StellarGraph we are using for building the model, uses tf.Keras as backend. According to its specific, we need a data generator for feeding the model. For supervised graph classification, we create an instance of StellarGraph's PaddedGraphGenerator class. This generator supplies the features arrays and the adjacency matrices to a mini-batch Keras graph classification model. Differences in the number of nodes are resolved by padding each batch of features and adjacency matrices, and supplying a boolean mask indicating which are valid and which are padding.

In [None]:
from stellargraph.mapper import PaddedGraphGenerator
generator = PaddedGraphGenerator(graphs=graphs)

Now we are ready for actually create the model. The GCN layers will be created and stacked togheter through StellarGraph's utility function. This _backbone_ will be then concateneted to 1D Convolutional layers and Fully connected layers using tf.Keras

In [None]:
from stellargraph.layer import DeepGraphCNN
from tensorflow.keras import Model
from tensorflow.keras.optimizers import Adam
from tensorflow.keras.layers import Dense, Conv1D, MaxPool1D, Dropout, Flatten
from tensorflow.keras.losses import binary_crossentropy
import tensorflow as tf

k = 35  # the number of rows for the output tensor
layer_sizes = [32, 32, 32, 1]

dgcnn_model = DeepGraphCNN(
    layer_sizes=layer_sizes,
    activations=["tanh", "tanh", "tanh", "tanh"],
    k=k,
    bias=False,
    generator=generator,
)
x_inp, x_out = dgcnn_model.in_out_tensors()


x_out = Conv1D(filters=16, kernel_size=sum(layer_sizes), strides=sum(layer_sizes))(x_out)
x_out = MaxPool1D(pool_size=2)(x_out)

x_out = Conv1D(filters=32, kernel_size=5, strides=1)(x_out)

x_out = Flatten()(x_out)

x_out = Dense(units=128, activation="relu")(x_out)
x_out = Dropout(rate=0.5)(x_out)

predictions = Dense(units=1, activation="sigmoid")(x_out)
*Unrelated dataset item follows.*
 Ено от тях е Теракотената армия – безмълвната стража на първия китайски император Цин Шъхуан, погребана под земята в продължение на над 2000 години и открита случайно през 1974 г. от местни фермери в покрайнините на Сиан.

Let's now compile the model

In [None]:
model = Model(inputs=x_inp, outputs=predictions)
model.compile(optimizer=Adam(lr=0.0001), loss=binary_crossentropy, metrics=["acc"])

We use 70% of the dataset for training and the remaining for test

In [None]:
from sklearn import model_selection
train_graphs, test_graphs = model_selection.train_test_split(
    graph_labels, test_size=.3, stratify=graph_labels,
)

In [None]:
gen = PaddedGraphGenerator(graphs=graphs)

train_gen = gen.flow(
    list(train_graphs.index - 1),
    targets=train_graphs.values,
    batch_size=50,
    symmetric_normalization=False,
)

test_gen = gen.flow(
    list(test_graphs.index - 1),
    targets=test_graphs.values,
    batch_size=1,
    symmetric_normalization=False,
)

It's now time for training!

In [None]:
epochs = 100
history = model.fit(
    train_gen, epochs=epochs, verbose=1, validation_data=test_gen, shuffle=True,
)

## Supervised node representation learning using GraphSAGE

In [None]:
from stellargraph import datasets
from IPython.display import display, HTML

dataset = datasets.Cora()
display(HTML(dataset.description))
G, node_subjects = dataset.load()

Let's split the dataset into training and testing set

In [None]:
from sklearn.model_selection import train_test_split
train_subjects, test_subjects = train_test_split(
    node_subjects, train_size=0.1, test_size=None, stratify=node_subjects
)

Since we are performing a categorical classification, it is useful to represent each categorical label in its one-hot encoding

In [None]:
from sklearn import preprocessing, feature_extraction, model_selection
target_encoding = preprocessing.LabelBinarizer()
train_targets = target_encoding.fit_transform(train_subjects)
test_targets = target_encoding.transform(test_subjects)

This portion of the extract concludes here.